I still have some important questions about the literatures:
(1) What is the history of research in the field? Where has it come from and why this route? What might be directions it could take in future?
(2) What are the key debates in the field? What is at stake in their construction?
(3) Who are the key figures in the field and why?
I’m going to talk first of all about why these questions are important. That’s this post. In the next post, I’ll bring these questions to my particular literature review and provide some tentative answers in relation to the work that we are doing.
So, why these questions?
(1) The history of the field
Many of us work on questions that have been around for quite some time (although that is not true in the case of blogging!). Getting a handle on the way in which the field has developed helps us to think about:
• the ways in which particularities such as time, place, and culture might have affected the development of knowledge about the topic
• the blank spots that might have been produced through this particular knowledge making trajectory
• how we can avoid naively situating our research in a set of literatures that many in the field now see as outdated and discredited. If we want to use texts that could fall into this category, we need to do so consciously and anticipate the criticisms.
To give a concrete example, feminist analysis has gone through a number of iterations, and it is important for researchers positioning their work as feminist to do three things – understand these shifts, what they have and haven’t done, and to be able to locate themselves and their work in relation to this history.
(2) debates in the field.
Many fields of research have ongoing or episodic debates.

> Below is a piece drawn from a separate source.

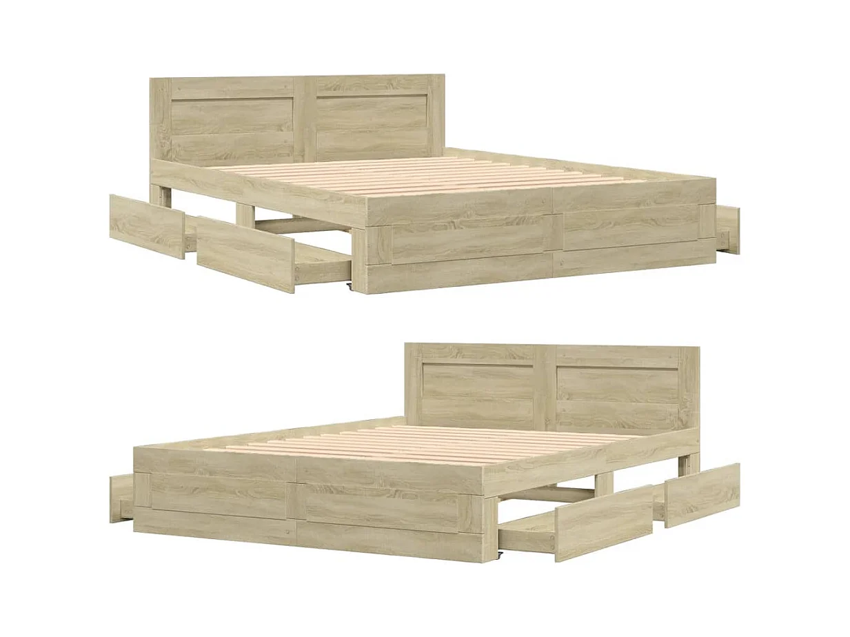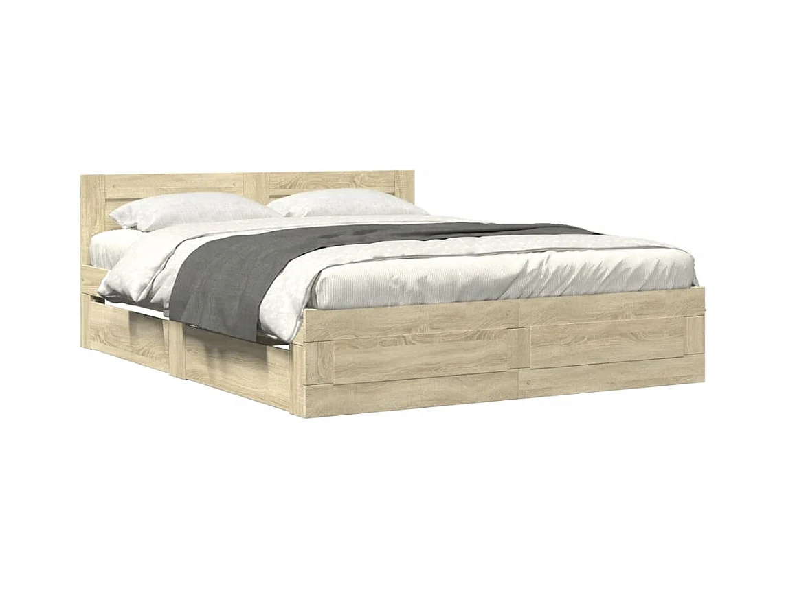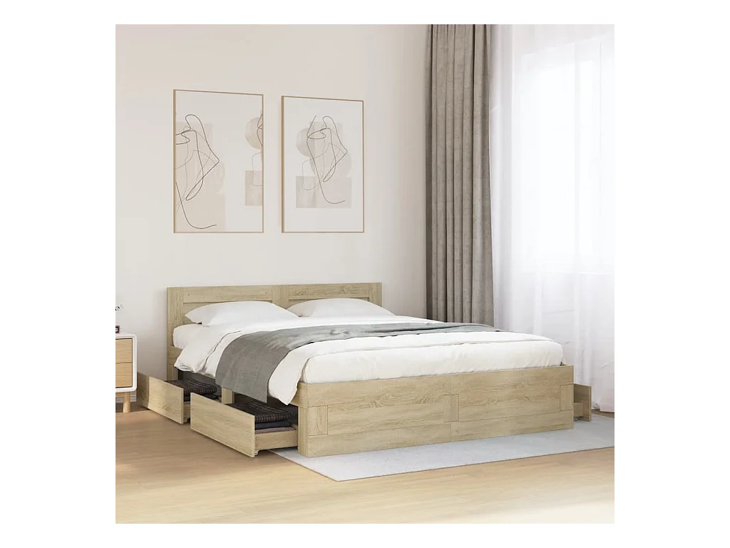 Lit double | Lit adulte | Cadre de lit tête de lit chêne sonoma 160x200 cm

Sometimes they’ve developed bunkered lines of inquiry and researchers find it difficult to talk across them to each other because they are rooted in different disciplines or different epistemological/methodological traditions.
The debate with which most doctoral researchers are familiar is that between quantitative and qualitative methods. I very often read theses which trawl the literatures about this binary. I sometimes read a claim for methodological resolution via mixed methods. Only occasionally do I read an argument which says that it is not the number or word that matter, but rather the ontological and epistemological positioning of the research. As a researcher/reader, I know that each of these positions – the binary, the methodological resolution and the philosophical explanation – exists in the field. A thesis writer who has stepped back and REALLY focused in on this debate and positioned themselves within it, will have located the various arguments rather than simply reproduced either the binary or a simplistic argument for mixed methods. As an examiner, I am likely to assume that the researcher who knows the debates knows more about research. As a reviewer of a journal article, I would recommend revisions if the debate was not dealt with adequately, on the grounds that the writer did not know the field.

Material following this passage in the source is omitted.